2011/7/6 Gábor Lehel <illissius at gmail.com>:
> On Wed, Jul 6, 2011 at 5:24 PM, Jason Dagit <dagitj at gmail.com> wrote:
>> On Wed, Jul 6, 2011 at 8:09 AM, Simon Marlow <marlowsd at gmail.com> wrote:
>>> On 06/07/2011 15:42, Jason Dagit wrote:
>>>>
>>>> On Wed, Jul 6, 2011 at 2:23 AM, Simon Marlow<marlowsd at gmail.com>  wrote:
>>>>>
>>>>> On 06/07/2011 07:37, Jason Dagit wrote:
>>>>>>
>>>>>> On Jul 5, 2011 1:04 PM, "Jason Dagit"<dagitj at gmail.com
>>>>>> <mailto:dagitj at gmail.com>>  wrote:
>>>>>>  >
>>>>>>  >  On Tue, Jul 5, 2011 at 12:33 PM, Ian Lynagh<igloo at earth.li
>>>>>> <mailto:igloo at earth.li>>  wrote:
>>>>>>  >  >  On Tue, Jul 05, 2011 at 08:11:21PM +0100, Simon Marlow wrote:
>>>>>>  >  >>
>>>>>>  >  >>  In GHCi it's a different matter, because the main thread is
>>>>>> running
>>>>>>  >  >>  GHCi itself, and all the expressions/statements typed at the
>>>>>> prompt
>>>>>>  >  >>  are run in forkIO'd threads (a new one for each statement, in
>>>>>> fact).
>>>>>>  >  >>  If you want a way to run command-line operations in the main
>>>>>> thread,
>>>>>>  >  >>  please submit a feature request.  I'm not sure it can be done,
>>>>>> but
>>>>>>  >  >>  I'll look into it.
>>>>>>  >  >
>>>>>>  >  >  We already have a way: -fno-ghci-sandbox
>>>>>>  >
>>>>>>  >  I've removed all my explicit attempts to forkIO/forkOS and passed
>>>>>> the
>>>>>>  >  command line flag you mention.  I just tried this but it doesn't
>>>>>>  >  change the behavior in my example.
>>>>>>
>>>>>> I tried it again and discovered that due to an argument parsing bug in
>>>>>> cabal-dev that the flag was not passed correctly. I explicitly passed it
>>>>>> and verified that it works. Thanks for the workaround. By the way, I did
>>>>>> look at the user guide for options like this and didn't see it. Which
>>>>>> part of the manual is it in?
>>>>>>
>>>>>> Can I still make a feature request for a function to make code run on
>>>>>> the original thread? My reasoning is that the code which needs to run on
>>>>>> the main thread may appear in a library in which case the developer has
>>>>>> no control over how ghc is invoked.
>>>>>
>>>>> I'm not sure how that would work.  The programmer is in control of what
>>>>> the
>>>>> main thread does, not GHC.  So in order to implement some mechanism to
>>>>> run
>>>>> code on the main thread, we would need some cooperation from the main
>>>>> thread
>>>>> itself.  For example, in gtk2hs the main thread runs an event handler
>>>>> loop
>>>>> which occasionally checks a queue for requests from other threads (at
>>>>> least,
>>>>> I think that's how it works).
>>>>
>>>> What I'm wrestling with is the following.  Say I make a GUI library.
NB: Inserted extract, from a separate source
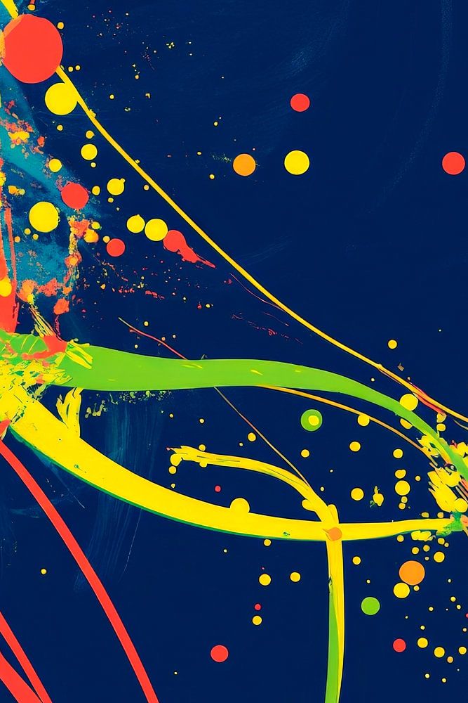 Ein lebendiges Zusammenspiel aus leuchtenden Farben tanzt über einen tiefblauen Hintergrund, während dynamische Linien und spritzende Punkte ein Gefühl von Bewegung und Energie erzeugen. Dieses künstlerische Werk bereichert jedes Wohnzimmer und schafft eine inspirierende Atmosphäre, die den Raum mit kreativer Frische erfüllt. Perfekt für fröhliche Zusammenkünfte und entspannte Abende!

>>>> As author of the GUI library I discover issues like this where the
>>>> library code needs to execute on the "main" thread.  Users of the
>>>> library expect the typical Haskell environment where you can't tell
>>>> the difference between threads, and you fork at will.  How can I make
>>>> sure my library works from GHC (with arbitrary user threads) and from
>>>> GHCI?
>>>>
>>>> As John Lato points out in his email lots of people bump into this
>>>> without realizing it and don't understand what the problem is.  We can
>>>> try our best to educate everyone, but I have this sense that we could
>>>> also do a better job of providing primitives to make it so that code
>>>> will run on the main thread regardless of how people invoke the
>>>> library.
>>>>
>>>> In my specific case (Cocoa on OSX), it is possible for me to use some
>>>> Cocoa functions to force things to run on the main thread.  From what
>>>> I've read Cocoa uses pthreads to implement this. I was hoping we could
>>>> expose something from the RTS code in Control.Concurrent so that it's
>>>> part of an "official" Haskell API that library writers can assume.
>>>>
>>>> Judging by this SO question, it's easier to implement this in Haskell
>>>> on top of pthreads than to implement it in C (here I'm assuming GHC's
>>>> RTS uses pthreads, but I've never checked):
>>>>
>>>> http://stackoverflow.com/questions/6130823/pthreads-perform-function-on-main-thread
>>>>
>>>> In fact, the it sounds like what Gtk2hs is doing with the postGUI
>>>> functions.
>>>
>>> Right, but usually the way this is implemented is with some cooperation from
>>> the main thread.  That SO answer explains it - the main thread runs some
>>> kind of loop that periodically checks for requests from other threads and
>>> services them.  I expect that's how it works on Cocoa.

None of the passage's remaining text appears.